If you are using the output directly for cryptographic keys, then It is not
secure enough.  Here's your code:

void loop(){
  currentByte = readByteFromSource()

    mixedByte1 = currentByte ^ previousByte;
  mixedByte2 = mixedByte1 ^ previousMixedByte1;
  mixedByte3 = mixedByte2 ^ previousMixedByte2;
  mixedByte4 = mixedByte3 ^ previousMixedByte3;
  outByte = mixedByte4 ^ previousMixedByte4;

  Serial.write(outByte);

  previousByte = currentByte;
  previousMixedByte1 = mixedByte1;
  previousMixedByte2 = mixedByte2;
  previousMixedByte3 = mixedByte3;
  previousMixedByte4 = mixedByte4;
}

Let f = outByte, mN = mixedByteN, and pN = previousMixedByteN.  Also, let
iN = inputN, where i0 = currentByte, i1 = previousByte, etc.  Let delta(g)
be the equation g with iN replaced with i(N+1) everywhere.  This moves it
back in time one sample.

m1 = i0 ^ i1
m2 = m1 ^ p1 = (i0 ^ i1) ^ p1
    p1 = delta(m1) = i1 ^ i2
m2 = (i0 ^ i1) ^ (i1 ^ i2) = i0 ^ i2
m3 = m2 ^ p2 = (i0 ^ i2) ^ p2
    p2 = delta(m2) = i1 ^ i3
m3 = (i0 ^ i2) ^ (i1 ^ i3) = i0 ^ i1 ^ i2 ^ i3
m4 = m3 ^ p3 = (i0 ^ i1 ^ i2 ^ i3) ^ p3
    p3 = delta(m3) = i1 ^ i2 ^ i3 ^ i4
m4 = (i0 ^ i1 ^ i2 ^ i3) ^ (i1 ^ i2 ^ i3 ^ i4) = i0 ^ i4
f = m4 & p4 = (i0 ^ i4) ^ p4
    p4 = delta(m4) = i1 ^ i5
f = (i0 ^ i4) ^ (i1 ^ i5) = i0 ^ i1 ^ i4 ^ i5

The output of your code is just the XOR of the two most recent samples, and
the samples 4 and 5 samples ago.  This can be inverted with some effort,
revealing the original pre-whitened stream by an attacker.  Imagine I know
i1 through i5, and see an output f.  The new input, i0, is easily computed:

    i0 = f ^ i1 ^ i4 ^ i5

The simplest attack is to make all 2^40 guesses for i1 through i5 and see
which one was right.  This can be easily determined because we expect
correlation between adjacent samples.  The correct guess will generate the
highest correlation.  After guessing the state, we can un-whiten the stream
trivially from then on.  The lower bits of entropy per byte, the quicker I
can guess your state.  If your input is already perfectly random, then
there is no way to guess the state -- and also no reason for whitening.

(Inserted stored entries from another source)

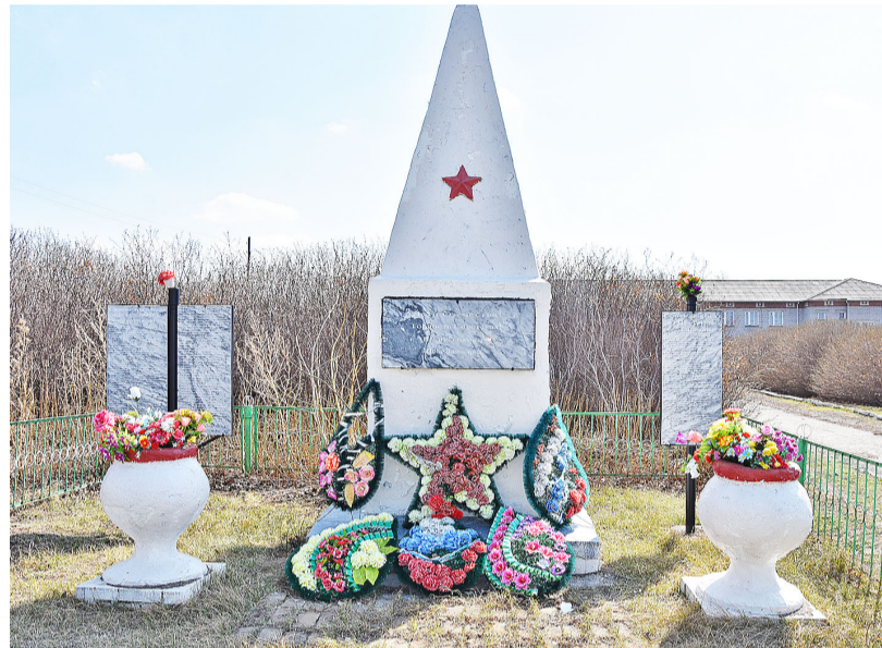
Копотиловцы следят за состоянием памятника. За каждой фамилией – своя история

За памятником ухаживают школьники. Ежегодно 9 Мая здесь проходит митинг, на который соби-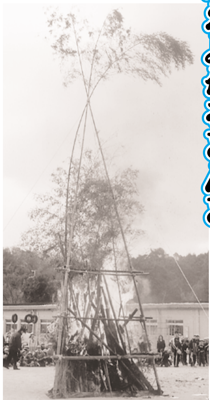
火の入った「とんど」を見守る児童ら(大住小学校グラウンド)

お正月に使った門松やしめ縄などを集めて燃やす「とんど」が、市内各地で行われました。 1月8日(日)大住小学校で行われた「とんど」の様子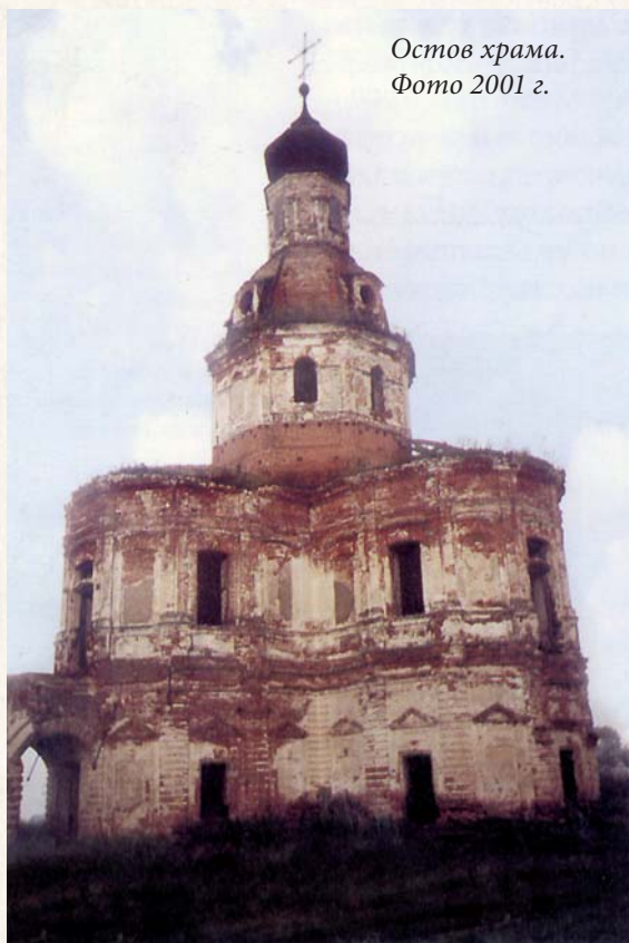
Остов храма. Фото 2001 г.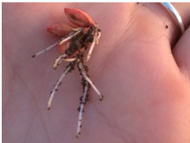
Slika 3. Korjenčić ječma, 29. 10. 2015.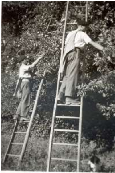
A la Royauté, il y a 40 ou 50 ans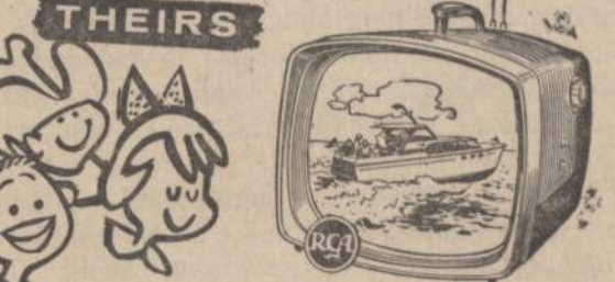
RCA VICTOR SPORTSMAN. Portable TV with family-size screen—156 sq. in. picture. Choice of 3 handsome finishes, 170-P-03.

NOW! ENJOY YOUR FAVORITE PROGRAMS FROM BEGINNING TO END! NO ONE CLICKS DIALS BUT YOU. NEW RCA VICTOR PORTABLE TV IS THE IDEAL SECOND SET! LIGHTWEIGHT AND COMPACT! YOU CAN TAKE IT FROM ROOM TO ROOM OR ON WEEKEND TRIPS AND VACATIONS!

Unfortunately, properly whitening is a bit harder than what you're doing.
The simplest effective solution is to do a long chain of XORs, rotates, and
adds:

unsigned char pool = 0;
while(true) {
    int i;
    for(i = 0; i < NUM_SAMPLES/2; i++) {
        pool ^= readSample();
        pool += readSample();
        pool = (pool << 1) | (pool >> 7);
    }
    output(pool);
}

With these add, xor, and rotate instructions, your simple 8-bit entropy
pool will slowly lead to uniformly random states as you feed in entropy.  I
did this once with a 40-MHz A/D converter that sampled avalanche noise.  It
worked great, but I used NUM_SAMPLES = 80, so it slowed it down
tremendously.

In your case, I'd use NUM_SAMPLES to be something like 32, based on what
you said about your ent results.  The output would be much slower, but far
more likely to be cryptographically secure.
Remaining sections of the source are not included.